Richard Zemel is a Professor and Machine Learning Research Chair in the Department of Computer Science at the University of Toronto. He will be joining the faculty in the Computer Science Department at Columbia University this summer. He is a Co-Founder and the Research Director of the Vector Institute for Artificial Intelligence. His awards include an NVIDIA Pioneers of AI Award, an ONR Young Investigator Award, a CIFAR AI Chair, and two NSERC Discovery Accelerators. Richard is on the Advisory Board of the Neural Information Processing Society. Professor Zemel current research interests include learning useful representations of data without any supervision, algorithmic fairness, learning with little data, and graph-based machine learning. His research is supported by grants from NSERC, CIFAR, Microsoft, Google, Samsung, DARPA, and iARPA.
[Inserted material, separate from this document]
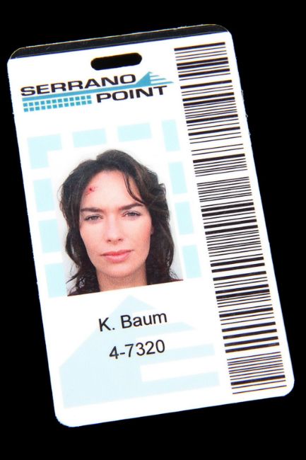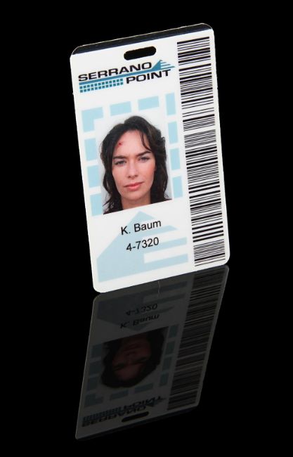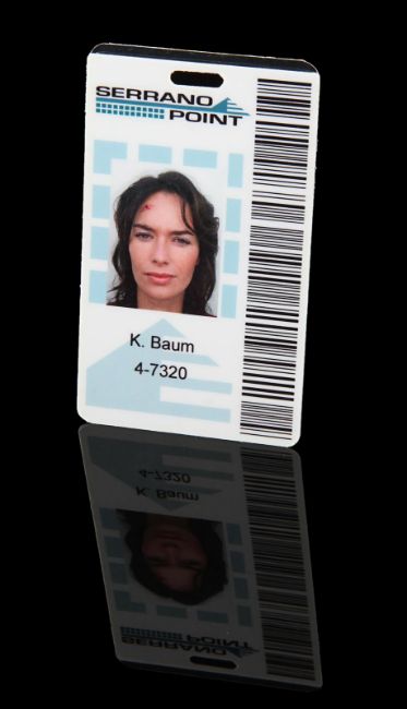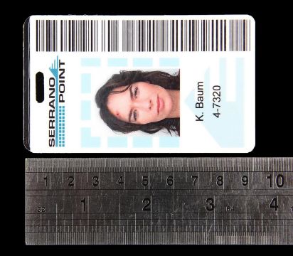 Sarah Connor’s (Lena Headey) photo ID from the Emmy®-nominated sci-fi television series Terminator: The Sarah Connor Chronicles. Connor wore her ID during the second season whilst working at the Serrano Point nuclear power plant, as she and Cameron Phillips (Summer Glau) attempted to prevent the reactivation of the plant and protect the future of the Resistance. The laminated ID features the Serrano Point logo, a barcode and a photograph of Connor. The ID displays the Connor family pseudonym "K Baum", a reference to The Wonderful Wizard of Oz author L. Frank Baum, a novel which is mentioned throughout the series. Dimensions: 9.5 cm x 5.5 cm (3 ¾" x 2 ¼"). VAT Status - Margin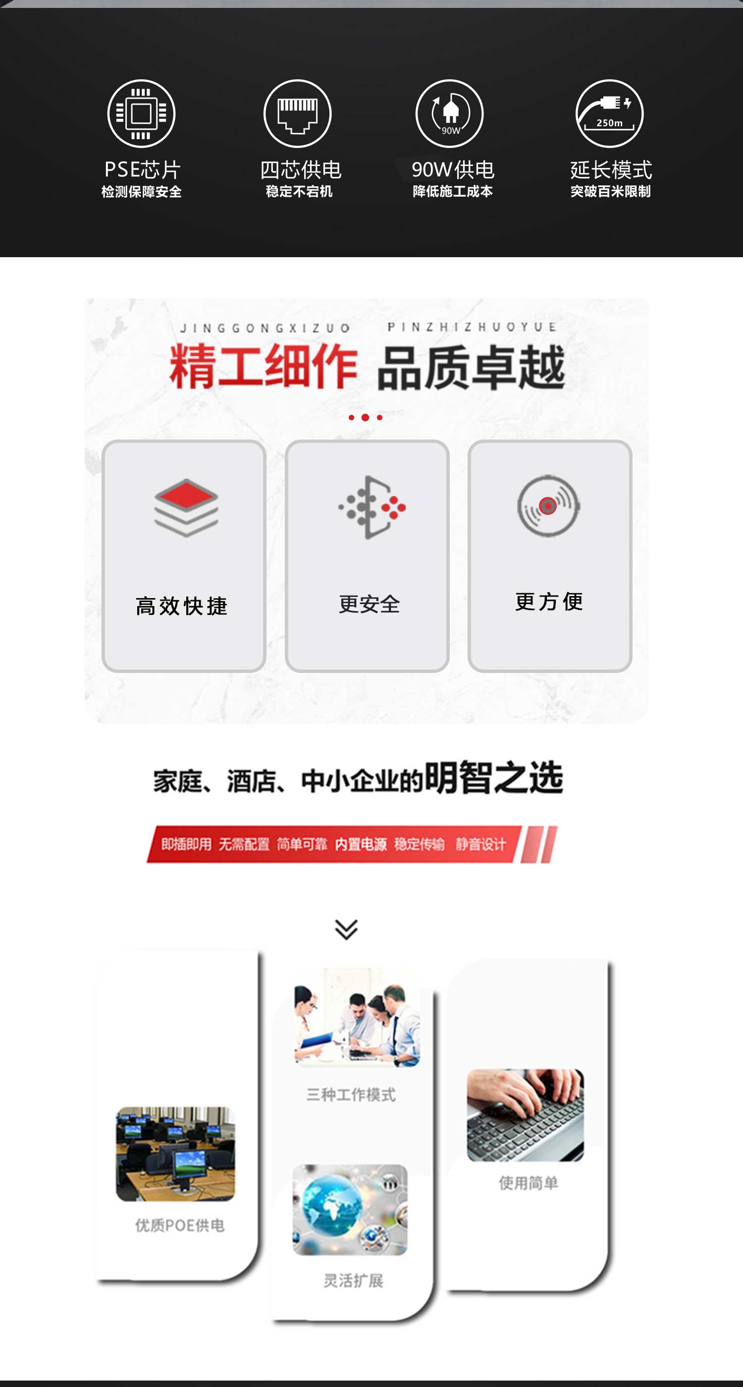 支持IEEE802.3at(30W)标准,兼容IEEE802.3af(15.4W)的受电设备(PD);

The last few years have seen significant advances and real-world applications in machine learning and artificial intelligence, which have also led to a myriad of challenges. In this talk I will focus on three fundamental issues that confront our attempts to build flexible and effective ML systems. How can new tasks be learned readily, with relatively few examples? How can these systems maintain strong performance as the environment they are operating in differs from the training environment? I will discuss current approaches to these problems, and some surprising links to a third problem: how can these systems avoid discriminating against individuals or groups? I will highlight their successes and also current limitations and open problems.